- _YOUR ASSIGNMENT_
Starting with the line in which "11.09.23-09:21 | Fossy | |" appears, give back every line exactly as written until the listing ends, excluding pictures.

- _SOURCE MATERIAL_
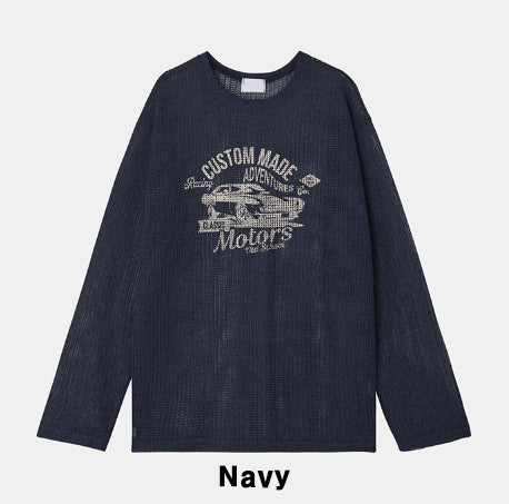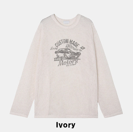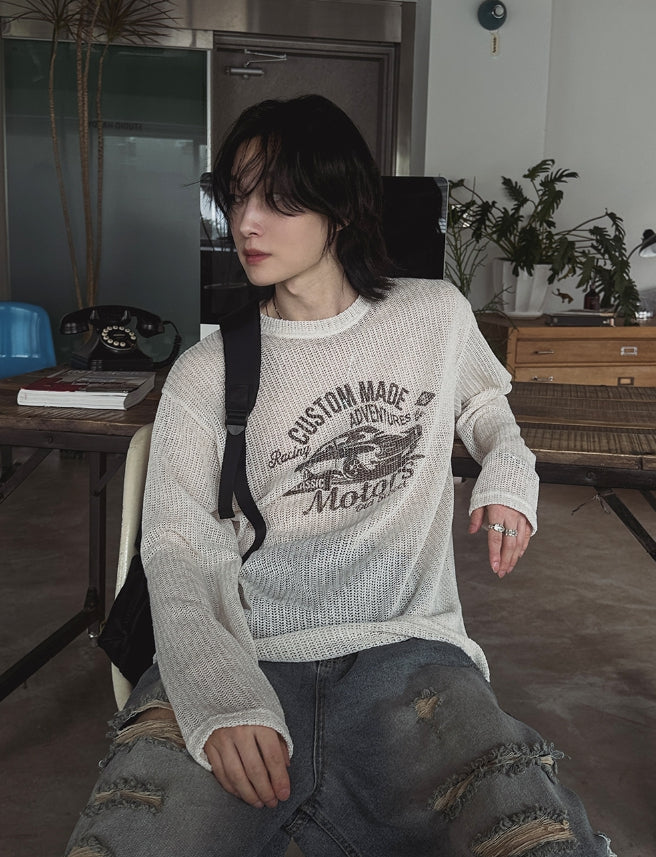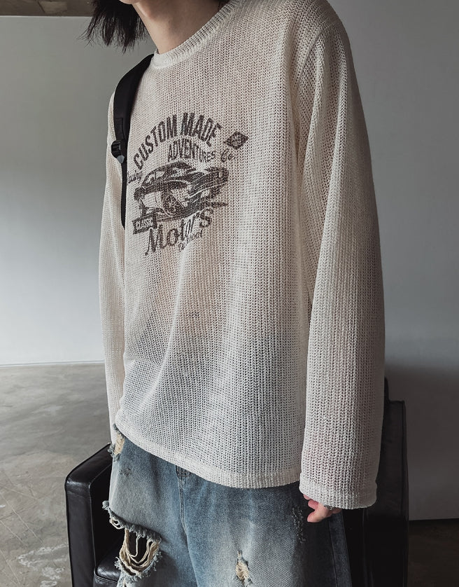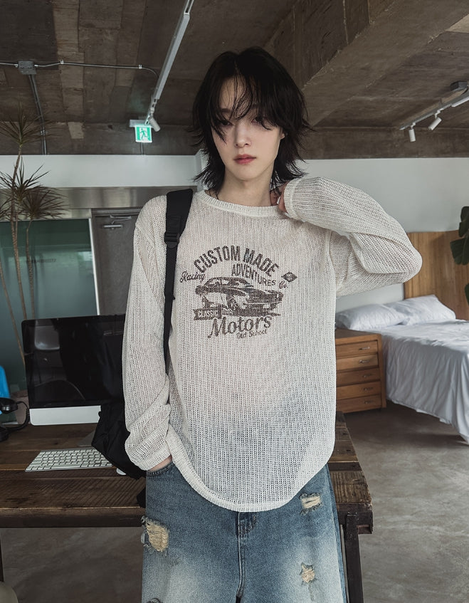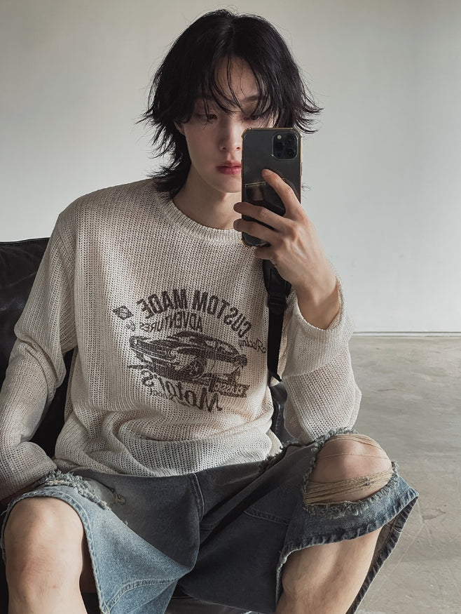 Racing graphic summer see-through knitwear
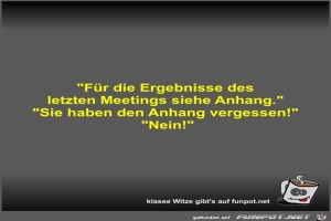 | Für die Ergebnisse des letzten Meetings siehe Anhang Bild (23 KB) 3Lustiges → klasse Sprüche und Witze | Lustiges → klasse Sprüche und Witze | 11.09.23-09:21 | Fossy | |
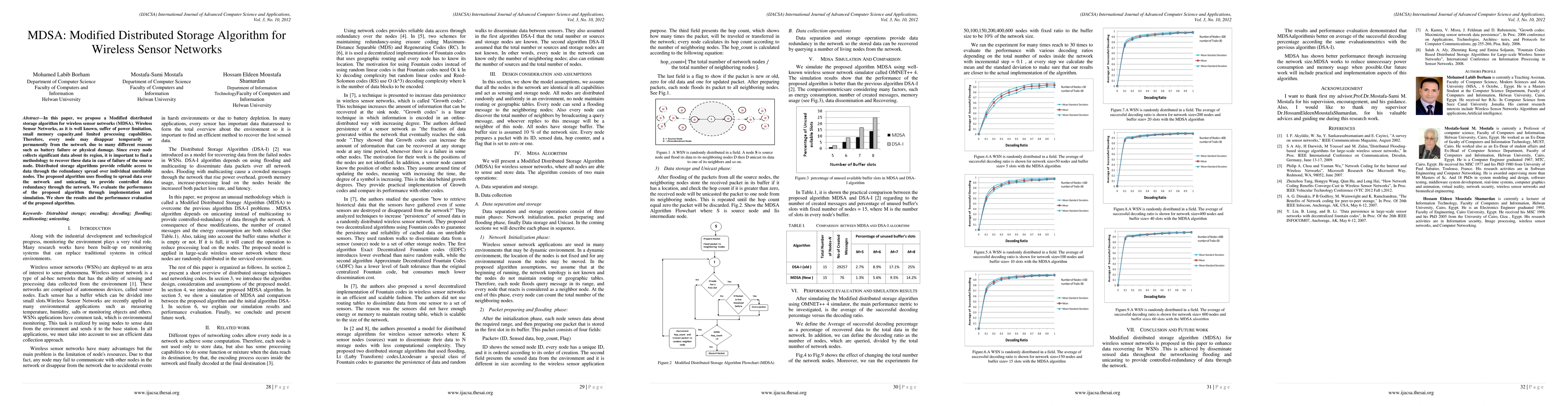 In this paper, we propose a Modified distributed storage algorithm for wireless sensor networks (MDSA). Wireless Sensor Networks, as it is well known, suffer of power limitation, small memory capacity,and limited processing capabilities. Therefore, every node may disappear temporarily or permanently from the network due to many different reasons such as battery failure or physical damage. Since every node collects significant data about its region, it is important to find a methodology to recover these data in case of failure of the source node. Distributed storage algorithms provide reliable access to data through the redundancy spread over individual unreliable nodes. The proposed algorithm uses flooding to spread data over the network and unicasting to provide controlled data redundancy through the network. We evaluate the performance of the proposed algorithm through implementation and simulation. We show the results and the performance evaluation of the proposed algorithm.

- _YOUR RESPONSE_
 | Für die Ergebnisse des letzten Meetings siehe Anhang Bild (23 KB) 3Lustiges → klasse Sprüche und Witze | Lustiges → klasse Sprüche und Witze | 11.09.23-09:21 | Fossy | |
 In this paper, we propose a Modified distributed storage algorithm for wireless sensor networks (MDSA). Wireless Sensor Networks, as it is well known, suffer of power limitation, small memory capacity,and limited processing capabilities. Therefore, every node may disappear temporarily or permanently from the network due to many different reasons such as battery failure or physical damage. Since every node collects significant data about its region, it is important to find a methodology to recover these data in case of failure of the source node. Distributed storage algorithms provide reliable access to data through the redundancy spread over individual unreliable nodes. The proposed algorithm uses flooding to spread data over the network and unicasting to provide controlled data redundancy through the network. We evaluate the performance of the proposed algorithm through implementation and simulation. We show the results and the performance evaluation of the proposed algorithm.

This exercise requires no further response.